见两人这么僵持也不好意思,说道:“灵儿你别说了,铁将军或许也有什么难处。”
“什么难处比得上一条人命?我只是希望,做了坏事的人将军能给他应有的惩罚,我这算是在无理取闹吗?我殷灵儿年纪小却也知道善恶公道恩怨,如果铁将军执意不管不顾,我会拼尽全力去告赵天郎,就算告到大王座下我也要为楠勉讨一个公道。”
此时帐篷外的铁云部士兵也听不下去了,纷纷冲进了帐篷里仗义执言。
“将军,他虽然不是铁云部记录在册的一员,但也是跟我们一起奋战过的战友,为了我们的事拼上了性命,事情办成了我们连个公道都给不了他吗?”
“将军如果有难言之隐我们也不勉强,还请将军准我们几天假,我们几个私下里去把这个欺人太甚的赵天郎给逮回来,或者直接给他办了。”
诸如此类的话层出不穷。
楠勉也发现了,这些士兵中很多人都是之前跟着自己一起进山的。
铁诚一手抽出长剑拿在手上,众人顿时不敢说话了,铁诚就大喊道:“传令兵!”
外面一个黑甲士兵冲进帐篷,朝着铁诚单膝跪地,低着头喊了一声在。
“让郑学诚带领手下三队兵马立刻前往铁狼堡带回赵天郎,如果铁狼堡不交人,那就把铁狼堡给我踏平了。”说完之后铁诚摘下自己的令牌丢给了传令兵。
传令兵接到命令之后立刻冲出了帐篷去传递命令了,铁诚扫视了一眼众人就转身出去了。
那些士兵见到铁诚走了之后,看着楠勉与殷灵儿两个人也不好意思留下,道别一声也都离开了。
然后楠勉继续跟殷灵儿聊了一会,下午困意上来就继续休息了。
这一整天殷灵儿给楠勉照顾得无微不至,除了拉和撒可能要门外的士兵或者老者来帮下忙,其他的事情基本上都是殷灵儿在做,时不时喂一下水,或者盖一下被子,擦擦脸,弄得楠勉浑身不自在。

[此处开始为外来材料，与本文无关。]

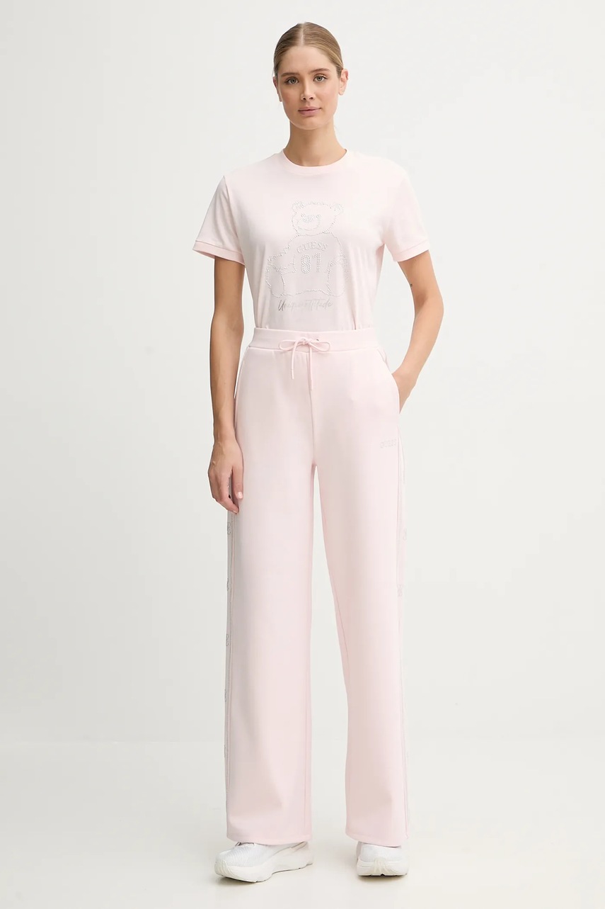 Guess spodnie dresowe OCTAVIA damskie kolor różowy z aplikacją V5BB12 KCX22

第二天,楠勉换完药之后,老者吩咐他尽量起来走走路活动活动筋骨,这对身体的恢复也有一定的好处,但是楠勉站起来之后身体各处的伤口还是会出现疼痛,殷灵儿就让楠勉一只手搭着自己的肩膀,一步一步扶着他去外面活动身体。
当楠勉和殷灵儿走到营门前的时候,郑学诚此时正好带着士兵回来,他的马鞍上绑着一条绳子,绳子另一头是被绑住双手的赵天郎。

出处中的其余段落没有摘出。